Als Mitglied des „Kammerorchester Basel“ tourt sie mit hochkarätigen musikalischen Leitern und Solisten quer durch die Konzertsäle Europas.
Mit gleicher Begeisterung ist sie pädagogisch tätig. Sie ist Lehrerin für Violine an der Oberaargauischen Musik-schule Langenthal und Dozentin für Fachdidaktik an der Hochschule der Künste Bern.
Ihre Studienzeit verbrachte sie in Zürich, London und Bern und lebt heute mit ihrer Familie in Biel/Bienne.

 

Renée Straub, Viola
In San Francisco geboren erhielt Renée Straub Unterricht bei Donald McInnes und dem La Salle Quartett am Konservatorium Cincinnati. Sie setzte ihre Ausbildung an der Menuhin Akademie in Gstaad fort. 1983 bis 1993 war sie Mitglied der Camerata Bern.
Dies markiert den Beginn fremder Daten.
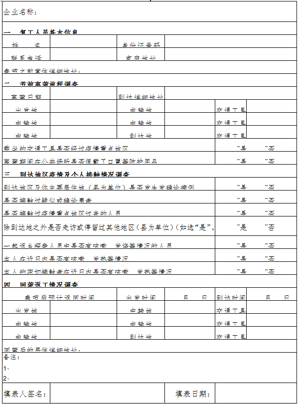 ?企業(yè)已建立每個員工“一人一檔”,對員工行動軌跡和健康進(jìn)行篩查和管理。有全體員工“一人一檔”調(diào)查表,形成檔案備用。表格應(yīng)含有姓名、性別、身份證號碼、年齡、籍貫、聯(lián)系方式等基本信息,以及該員工2020年春節(jié)前后至今的行動軌跡,包括以下重點關(guān)注事項,樣式參照附件3,企業(yè)可根據(jù)自身實際調(diào)整;

Neben ihrer weltweiten Konzerttätigkeit und zahlreichen Schallplatten-, CD- und Radioaufnahmen, tritt Renée Straub in verschiedenen Kammermusikformationen und als Solistin auf. Nebst diesen Aktivitäten ist sie als Bratschen- und Violinpädagogin tätig.

 

David Inniger, Violoncello
Studium bei Walter Grimmer und Johannes Bühler, Bern, und bei Siegfried Palm in Köln. Meisterkurse beim Beaux-Arts-Trio und bei Maurice Gendron. Lehrtätigkeit an der Musikschule Köniz. Mitglied verschiedener Kammermusikformationen wie La Strimpellata Bern und Trio Basso di Berna. Zahlreiche Rundfunk- und CD-Aufnahmen (BIS, ambitus, cavalli). 

 

Käthi Steuri, Kontrabass
Studien in Bern und Genf (Virtuosité bei Prof. F. Petracchi). Schon bald rege Konzerttätigkeit in verschiedenen Ensembles und Orchestern (Orchestre de la Suisse Romande, Camerata Lysy der Int. Menuhin Music Academy, Camerata Zürich, Opera Factory Zürich, ensemble für neue musik zürich). Daneben langjährige Lehrtätigkeit an verschiedenen Musikschulen. Heute vor allem als Kammermusikerin gefragt. Seit einigen Jahren u.a. als Mitglied der Camerata Bern, des Collegium Novum Zürich, The Dorian Consort, La Strimpellata Bern und des Trio Basso Bern. Konzertreisen führten sie nach Kanada, China, Brasilien, Argentinien, Bolivien, Malaysia, Indonesien, Singapur, Philippinen, Thailand, Kuba und die USA.